Manuscripts as Code: Why Authors Need CI/CD Pipelines, Not Word Processors

If we accept that a manuscript is a complex data structure rather than a static document, it becomes clear that the traditional writing workflow is broken. Writers are still manually tracking revisions across fragmented files, emailing zipped folders to editors, and copy-pasting feedback like it’s 1998.

If developers treated code the way authors treat manuscripts, nothing would ever ship.
We need to bring the discipline of Continuous Integration and Continuous Delivery (CI/CD) to the creative act. When your book compiles like code (as discussed in the 6x9 PDF engine thread), the next step is automating the quality assurance and deployment of the text itself.

Here is what an open-source, git-based Manuscript Pipeline looks like when you decouple the core thesis from the administrative friction:

**1. The Single Source of Truth (**`main`**)**
No more version sprawl. The manuscript lives in a private Git repository as raw Markdown files (one per chapter). Your editor doesn't get a file copy; they get collaborator access or submit a Pull Request. Every sentence level change is tracked deterministically.

**2. Automated "Linting" for Prose**
Before a chapter is even reviewed by a human, an automated pipeline can run local LLM linters or custom scripts to flag structural issues:

* **The Cognitive Veto:** Programmatically scan for passive voice, crutch words, or pacing dips based on token-density variations across chapters. * **Context Consistency Engines:** Running a lightweight vector embeddings check on each commit to ensure a character’s attributes or a core philosophical framework hasn't drifted out of alignment 200 pages later.

**3. Staging vs. Production**
You don't edit in production.

* **Staging Branch:** Where structural edits, experimental chapters, and character arc refactoring happen. * **Main Branch (Production):** The pristine, current build of the book.

**4. Continuous Deployment (The Build Step)**
The moment a PR is merged into `main`, a GitHub Action or local webhook triggers the compile engine.

* **Target A:** Automatically generates an ePUB and a print-ready 6x9 PDF. * **Target B:** Updates a local SQLite database or vector store that feeds an interactive RAG companion app. * **Target C:** Generates a structured JSON metadata manifest containing chapter summaries, word counts, and theme tags for external indexing.

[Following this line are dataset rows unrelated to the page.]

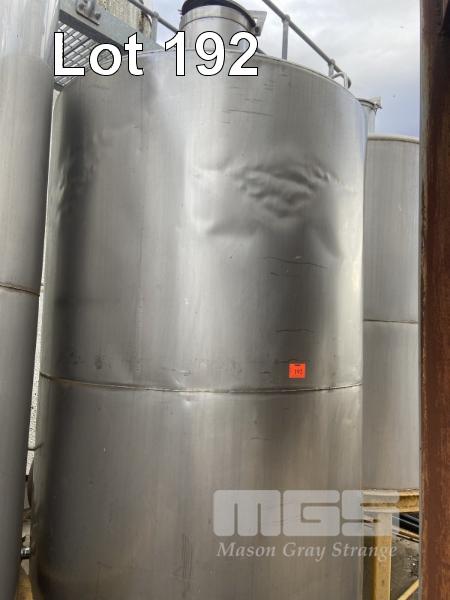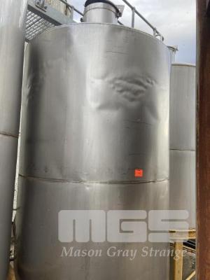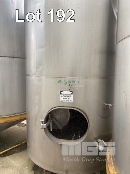 STAINLESS STEEL UPRIGHT TANK, 4,500 LITRE ON SHORT STAND TOP & SIDE HATCHES TAPERED BASE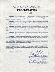 Xét vì, Pháp Luân Công (Pháp Luân Đại Pháp) là một môn khí công tự luyện có căn cội nơi văn hoá Trung Quốc cổ đại và lần đầu tiên được giới thiệu với dân chúng năm 1992, và được công nhận bởi Đô chính của Thành phố Union City ngày 5 tháng mười hai, 2000; và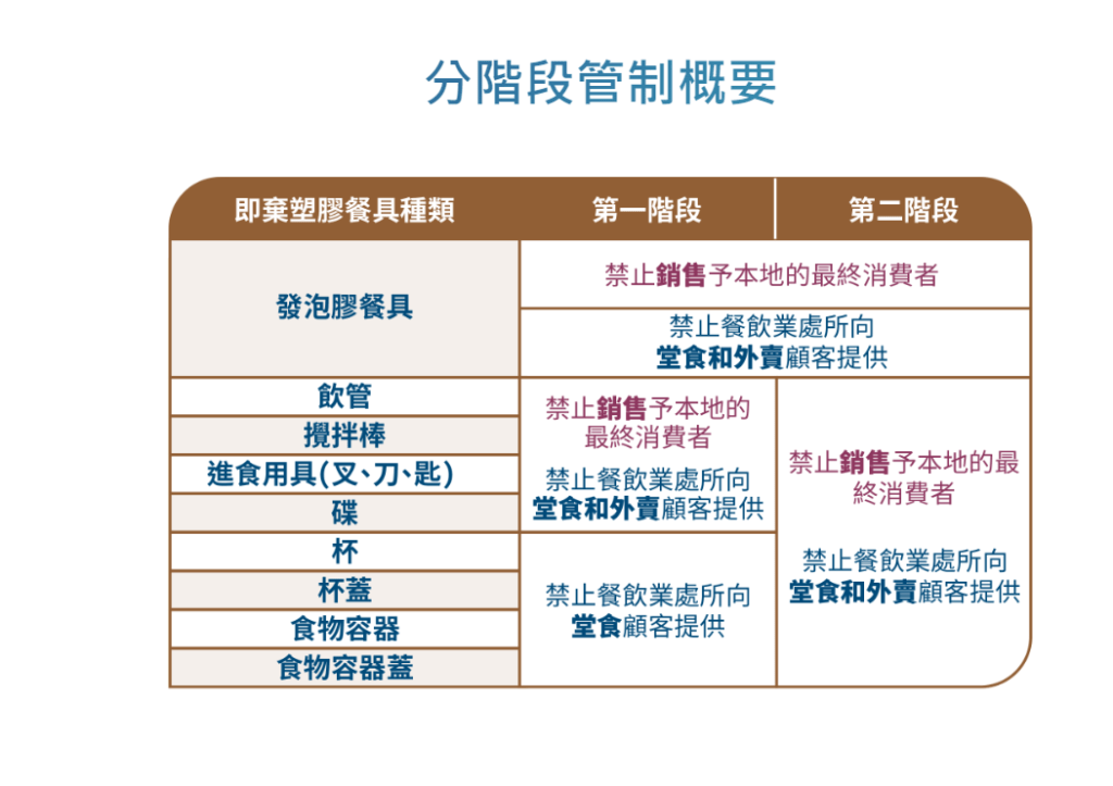在4月22日實(shí)施的第一階段,發(fā)泡膠餐具,塑膠飲管、攪拌棒及膠餐具(叉、刀、湯匙、碟)均禁止在本地銷售,同時(shí)餐飲處所亦不能向堂食及外賣顧客提供。

By treating the manuscript as a codebase, we achieve complete attentional sovereignty. You write in an empty text editor, and the pipeline handles the machinery of validation, formatting, and deployment.

Let’s discuss architectures:

How are you currently handling version control for complex, long-form text? Have any builders here experimented with setting up Git hooks or GitHub Actions to automate their writing builds or run programmatic consistency checks?

What linters or automated testing parameters would you actually want running against your raw text?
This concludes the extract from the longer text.